White House: Robots will kill jobs and make inequality worse

Every American president comes into office with a mandate to create jobs. It’s so often the biggest part of an election that James Carville’s “The economy, stupid” quote has now been utterly lost to pundit cliche.

In the 2016 election, the four-year refrain was back again, but with the international narrative: Mexico and China are stealing jobs. While there’s no doubt that inexpensive labor abroad exports American jobs, a fundamental issue received next to no discussion. Automation and the robots.

As Yahoo Finance chart of the year showed, the amount the US manufactures domestically has risen to record levels. Meanwhile, the number of people that industry employs has fallen dramatically—it’s not in anybody’s imagination. Automation is a challenge far bigger than China, and according to a new report from the Executive Office of the President, artificial intelligence and automation have the potential to spur inequality and hurt the livelihoods of millions.

Increased efficiency due to technology may not be anything new, and in the past the economic changes have been positive. As the White House notes in the report, titled “Artificial Intelligence, Automation, and the Economy,” the 19th century saw changes in tech that made lower-skilled workers more productive and began to build a middle class, reducing inequality. The late 20th century, in contrast, has taken a different path, with higher-skilled workers using computers to boost productivity—at the same time dispatching countless routine-intensive jobs. And as current automation technology advances, with the help of AI, a reckoning is coming.

In the near term, 9% to 47% of jobs may be threatened over the next decade. According to the White House, “research consistently finds that the jobs that are threatened by automation are highly concentrated among lower-paid, lower-skilled, and less-educated workers.”

In the past, optimistic economists have pointed to the economy’s ability to adapt to new opportunities and constraints—pivoting to new jobs and even inventing entirely new types of work in response to macro-scale changes.
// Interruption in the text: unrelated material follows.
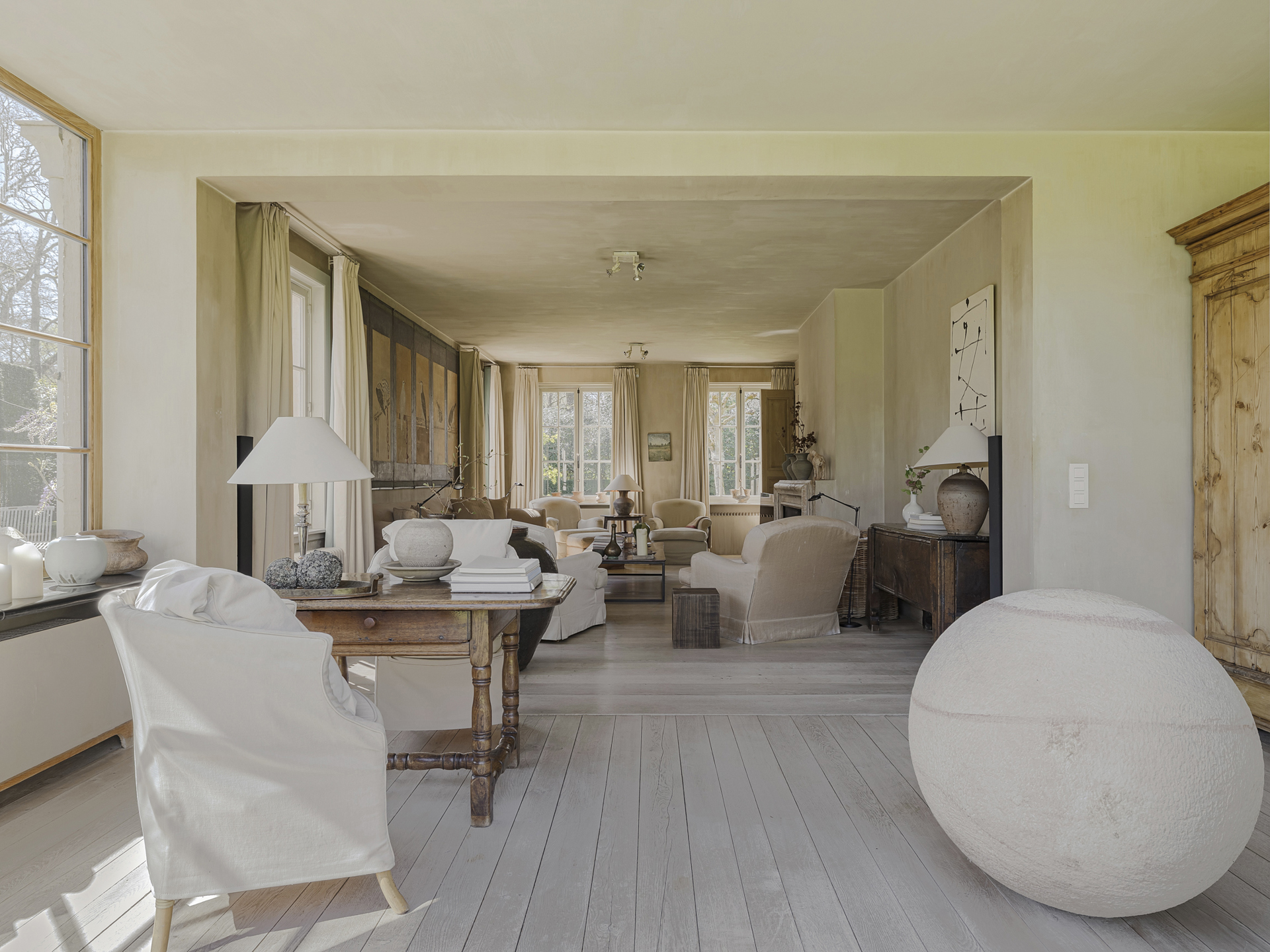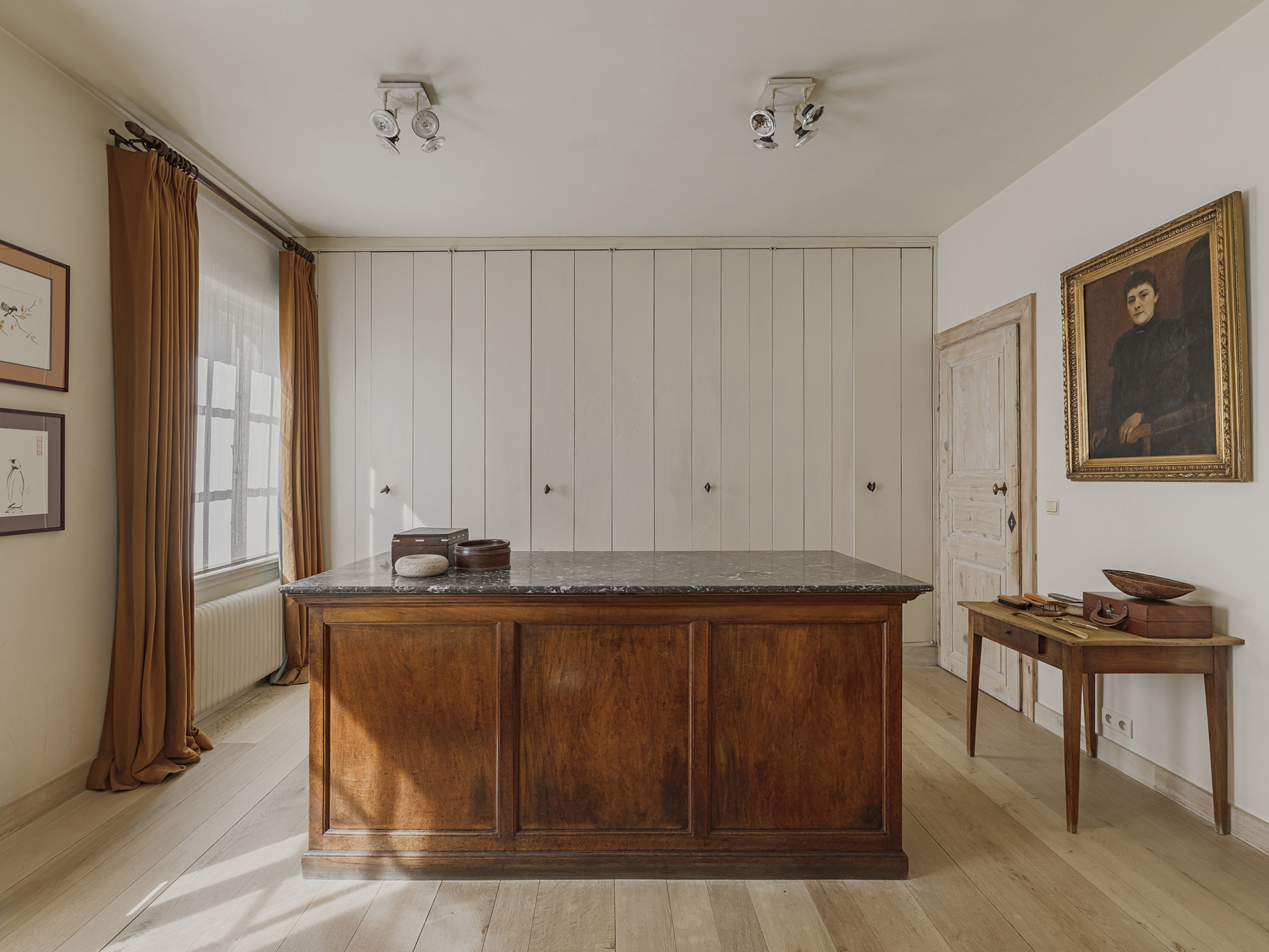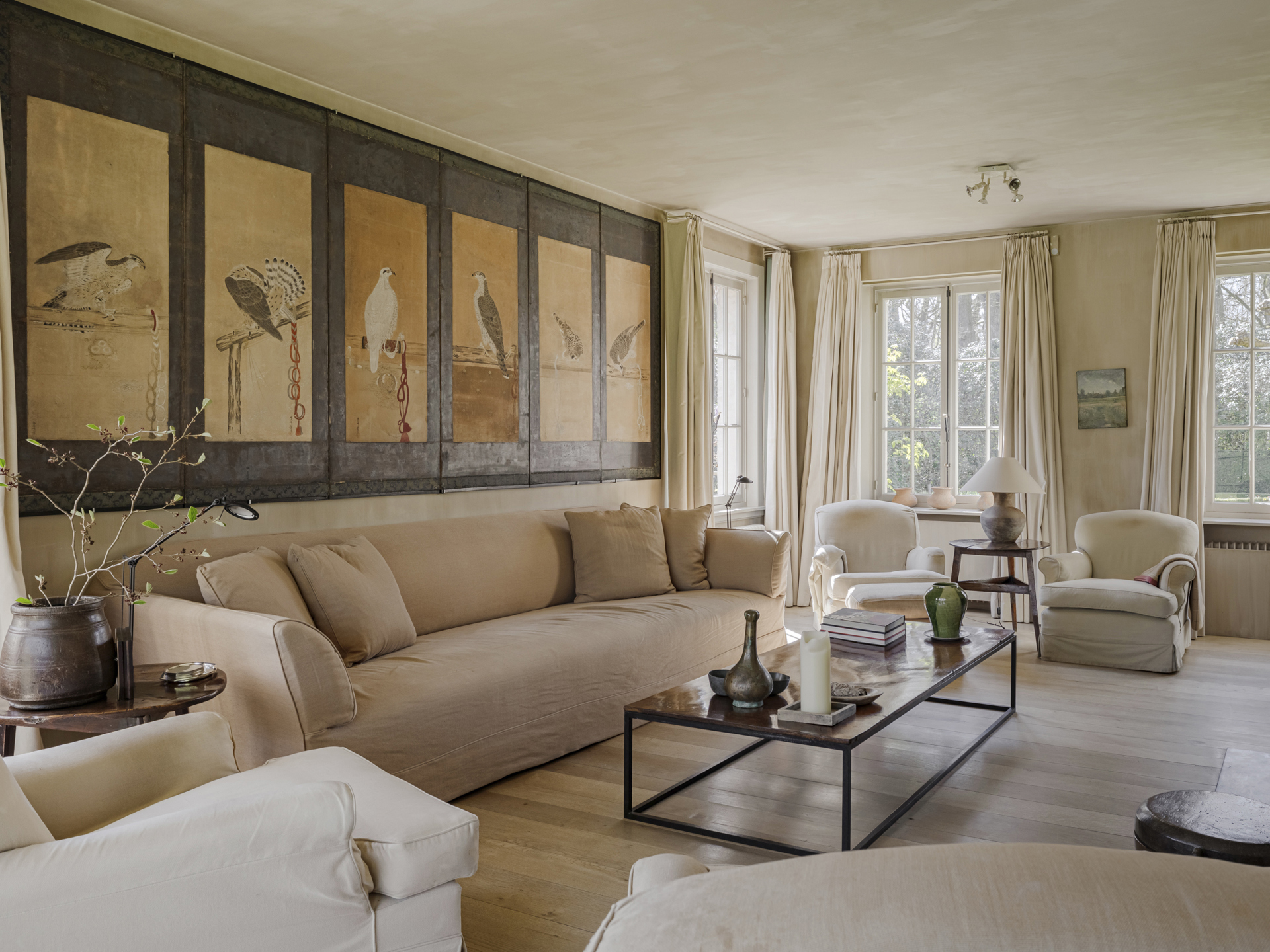 A timeless villa bearing the unique Axel Vervoordt signature. Prime location 'Vriesdonk'. Situated on an east-facing lot of approximately 1800 m² and renovated in 2001. A stately wrought-iron gate and a driveway lined with a magnolia tree welcome you. The entry hall, with paneling in aged pitch pine, leads to a spacious, multifunctional library. The thoughtful layout and oak floors create a warm and harmonious whole. Spacious living room with a fireplace, open-concept kitchen with a pantry, and a light-filled oanjerie. The first floor comprises a spacious master suite with a bedroom, a bathroom in Verde Alpi marble (bathtub and shower), a dressing room and a laundry area. There is potential for an additional bedroom. On the second floor: two bedrooms and a bathroom with a shower and toilet. The interior is elegant and refined, featuring beautiful materials: Italian and Belgian marbles, original double doors, fired slate, and unique fireplace moldings. Painted with mineral lime paints. Roof in natural slate. French-inspired garden with interesting botanical variations, yew and boxwood groves, a ‘miroir d’eau’ (water mirror), and sunny terraces paved with clay pavers. High-efficiency gas boiler with underfloor heating (ground floor), alarm system, and garden sprinkler system. In close proximity to high-quality schools, sports facilities, shops, and restaurants. For information or a viewing, contact Kristof Goossens – kg@sothebysrealty.be or +32 495 65 50 50

But cyclical as the economy may often seem to be, past results are no guarantee of future performance, as any fine print disclaimer will tell you.

Much of the White House’s report echoes the findings of economists like Thomas Piketty, Emmanuel Saez, and Gabriel Zucman, who have showed that the trajectory of the economy has been great for high earners, but horrible for the bottom half, which “has been completely shut off economic growth since the 1970s.”